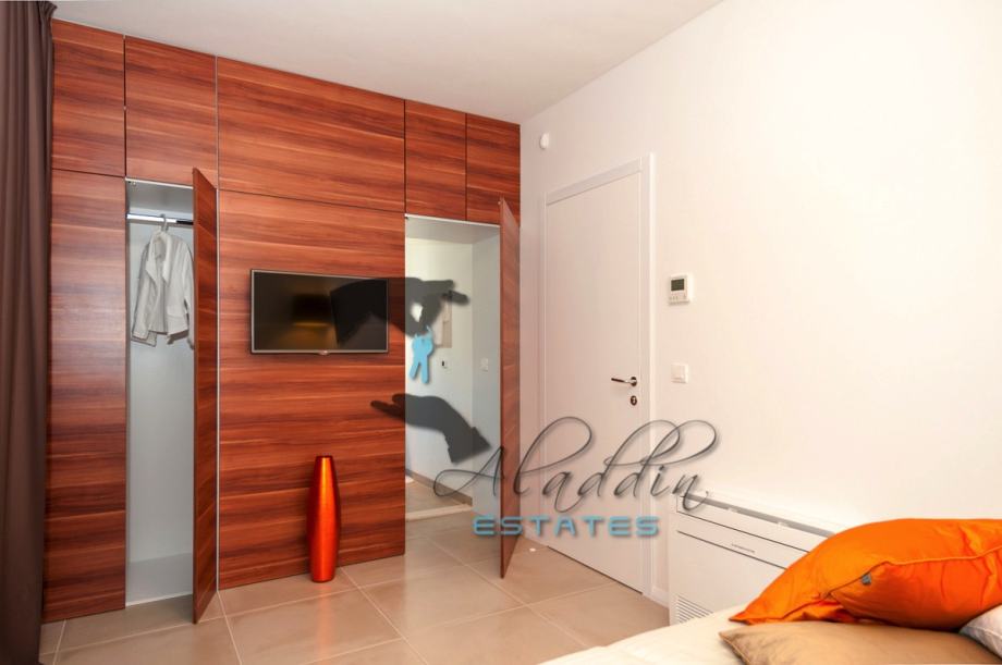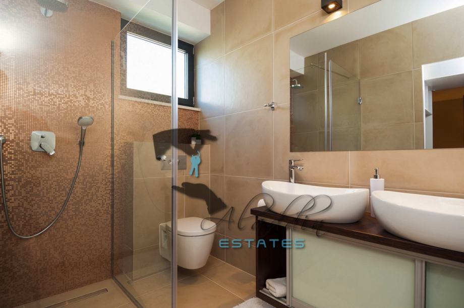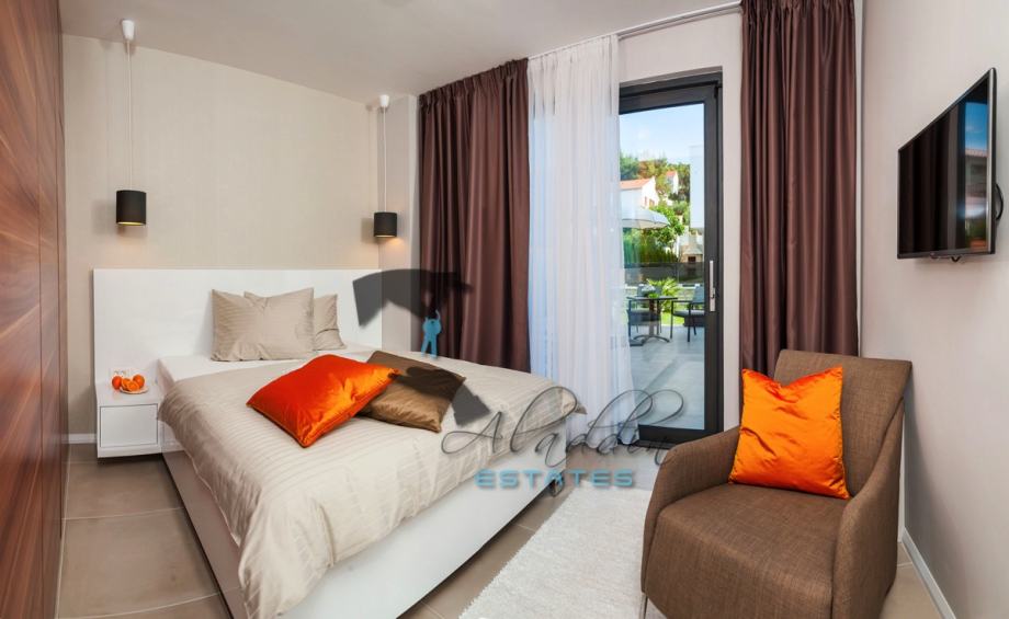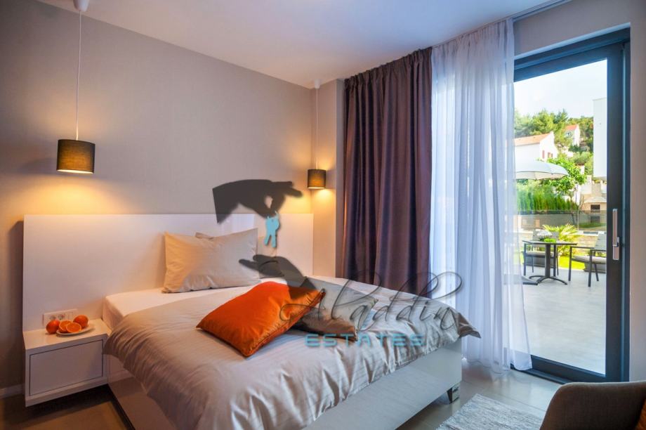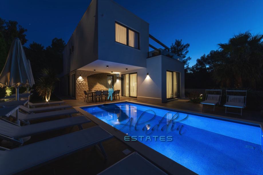 Super luxurious and modern five-star villa on four floors in Okrug Gornji. New construction, with 395 m2 of living space, outdoor heated pool of 24 m2 and a well-kept garden of 350 m2. In the basement is located a recreational area – fitness center, sauna, shower and toilet, and an indoor heated pool. The partially subterranean floor consists of a spacious living room with kitchen, bathroom, two bedrooms each with its own bathroom, and a very elegant terrace. The ground floor comprises three bedrooms, each with its own bathroom, two additional terraces and parking spaces. The first floor houses another bedroom with its own bathroom and boiler room.
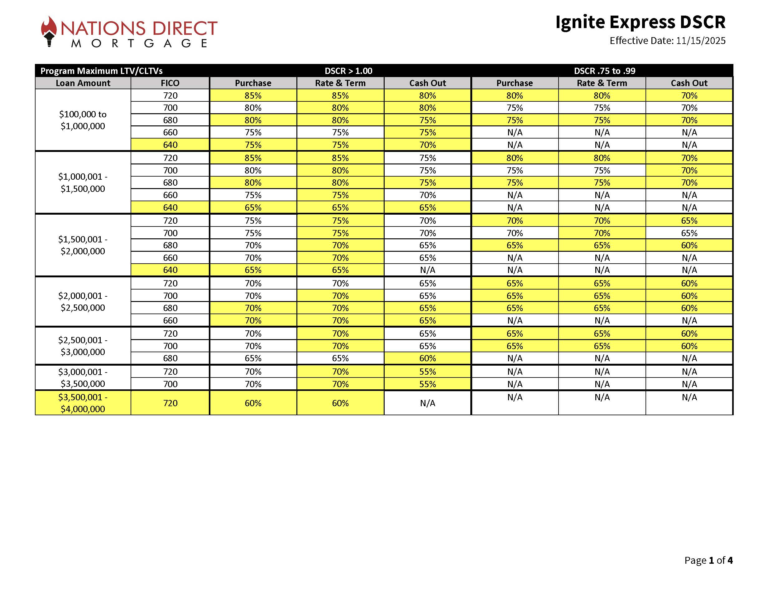 Ignite DSCR Expanded Guidelines Matrix
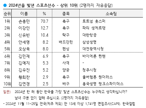자료 출처: 한국갤럽 2024년 올해를 빛낸 스포츠선수" 조사 결과
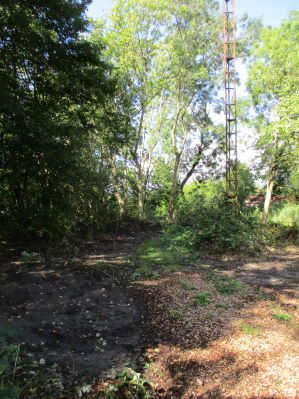 Hoe hoog we junglepad1 ook maken, de uitgang ligt er nu 20 cm te laag. Dus het pad loopt daar dood in de regentijd. De doorgang van junglepad I naar junglepad II (door de Spaanse aken haag) is tijdelijk geblokkeerd. Iedereen moet door het stinsenlaantje lopen naar het volgende veld. Dat laantje is een stuk breder geworden sinds de draglines er doorheen reden, en er ook meteen wat snippers op hebben gestort. Weer een bijna uitgeroeid biotoop (door verslemping en vermesting). Ik vind dat noch verbetering, noch herstel. De werkgroep Spoorzicht gaat met deze snipperhoop junglepad I ophogen, op termijn. |
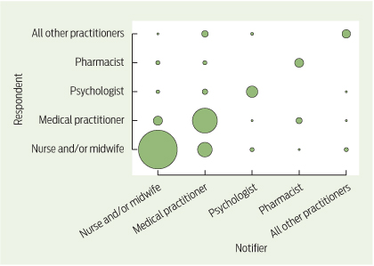 Among 697 notifications for which it was possible to determine the profession of the notifier and the respondent, the profession of the notifier and respondent was the same in 80% of cases (557/697). This concentration of intraprofessional notifications is depicted in Box 4 by the diagonal line of relatively large bubbles running from the bottom left to the top right of the figure. Nurse-on-nurse notifications (those involving nurses and/or midwives) and doctor-on-doctor notifications accounted for 73% (507/697) of notifications.
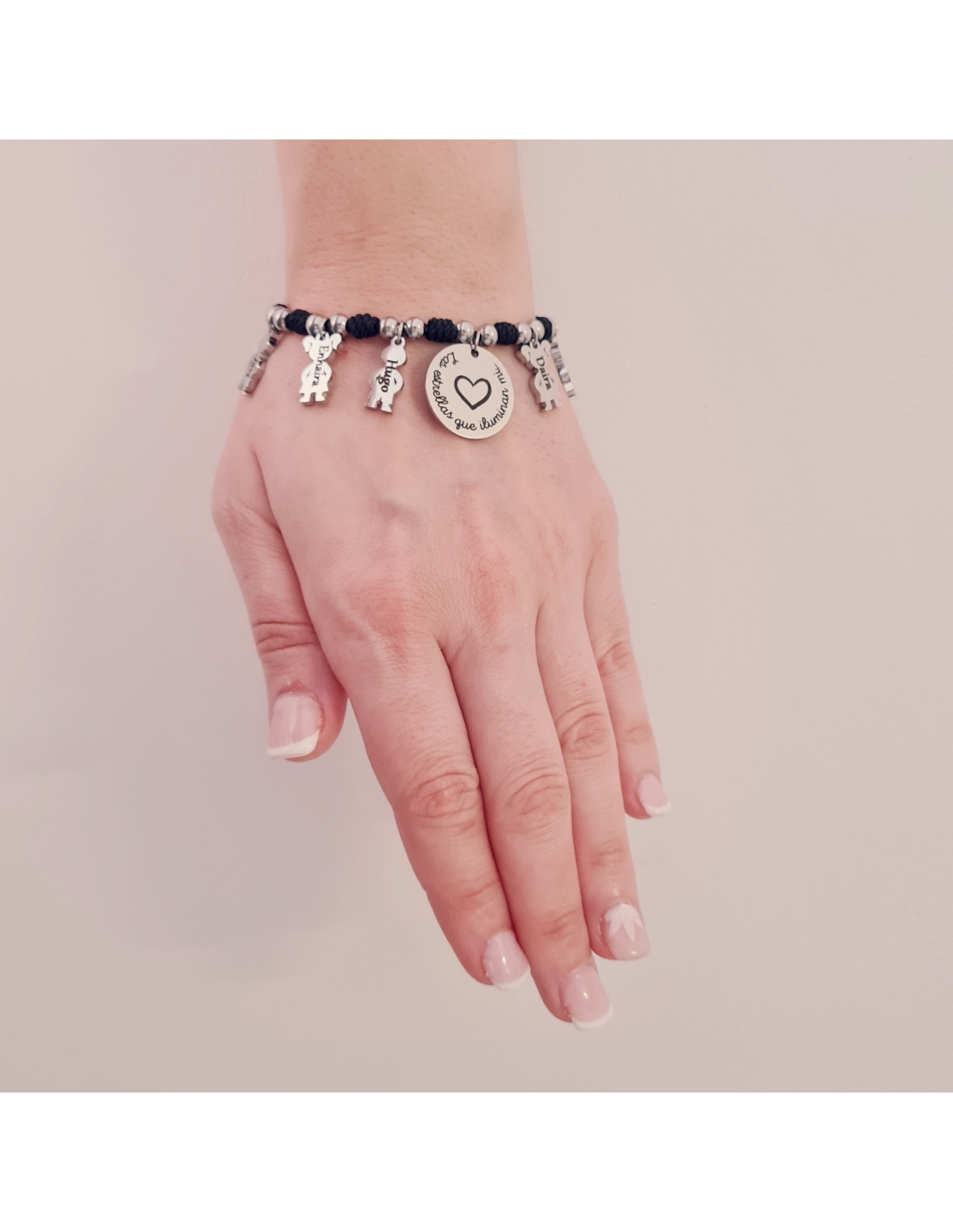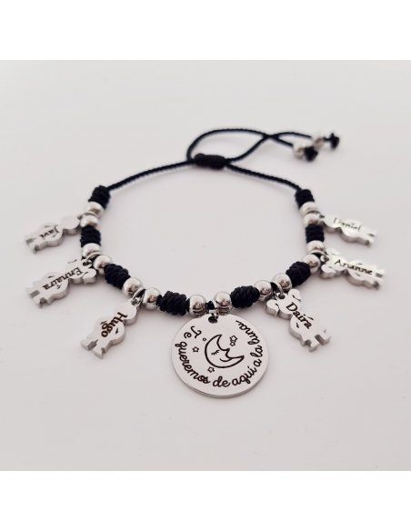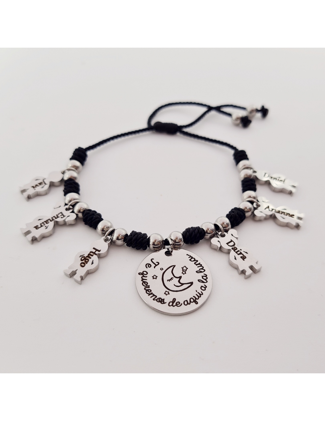 Pulsera modelos PETITOS-2 (Te queremos de aquí a la luna) con adornos de niños, en acero inoxidable, ajustable.
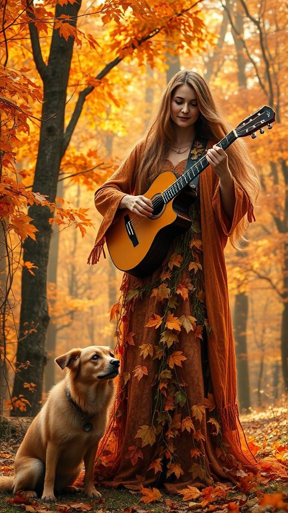 This image captures a mystical moment in an enchanted forest, where a bard with flowing hair and autumn leaf robes passionately plays classical guitar, surrounded by a woman with auburn hair, a loyal dog, and vibrant foliage, in a dreamlike atmosphere with warm, golden, and surreal colors.

Your assignment:
Leave out the pictures and output the rest of the material exactly as written.

Response box:
 Super luxurious and modern five-star villa on four floors in Okrug Gornji. New construction, with 395 m2 of living space, outdoor heated pool of 24 m2 and a well-kept garden of 350 m2. In the basement is located a recreational area – fitness center, sauna, shower and toilet, and an indoor heated pool. The partially subterranean floor consists of a spacious living room with kitchen, bathroom, two bedrooms each with its own bathroom, and a very elegant terrace. The ground floor comprises three bedrooms, each with its own bathroom, two additional terraces and parking spaces. The first floor houses another bedroom with its own bathroom and boiler room.
 Ignite DSCR Expanded Guidelines Matrix
자료 출처: 한국갤럽 2024년 올해를 빛낸 스포츠선수" 조사 결과
 Hoe hoog we junglepad1 ook maken, de uitgang ligt er nu 20 cm te laag. Dus het pad loopt daar dood in de regentijd. De doorgang van junglepad I naar junglepad II (door de Spaanse aken haag) is tijdelijk geblokkeerd. Iedereen moet door het stinsenlaantje lopen naar het volgende veld. Dat laantje is een stuk breder geworden sinds de draglines er doorheen reden, en er ook meteen wat snippers op hebben gestort. Weer een bijna uitgeroeid biotoop (door verslemping en vermesting). Ik vind dat noch verbetering, noch herstel. De werkgroep Spoorzicht gaat met deze snipperhoop junglepad I ophogen, op termijn. |
 Among 697 notifications for which it was possible to determine the profession of the notifier and the respondent, the profession of the notifier and respondent was the same in 80% of cases (557/697). This concentration of intraprofessional notifications is depicted in Box 4 by the diagonal line of relatively large bubbles running from the bottom left to the top right of the figure. Nurse-on-nurse notifications (those involving nurses and/or midwives) and doctor-on-doctor notifications accounted for 73% (507/697) of notifications.
 Pulsera modelos PETITOS-2 (Te queremos de aquí a la luna) con adornos de niños, en acero inoxidable, ajustable.
 This image captures a mystical moment in an enchanted forest, where a bard with flowing hair and autumn leaf robes passionately plays classical guitar, surrounded by a woman with auburn hair, a loyal dog, and vibrant foliage, in a dreamlike atmosphere with warm, golden, and surreal colors.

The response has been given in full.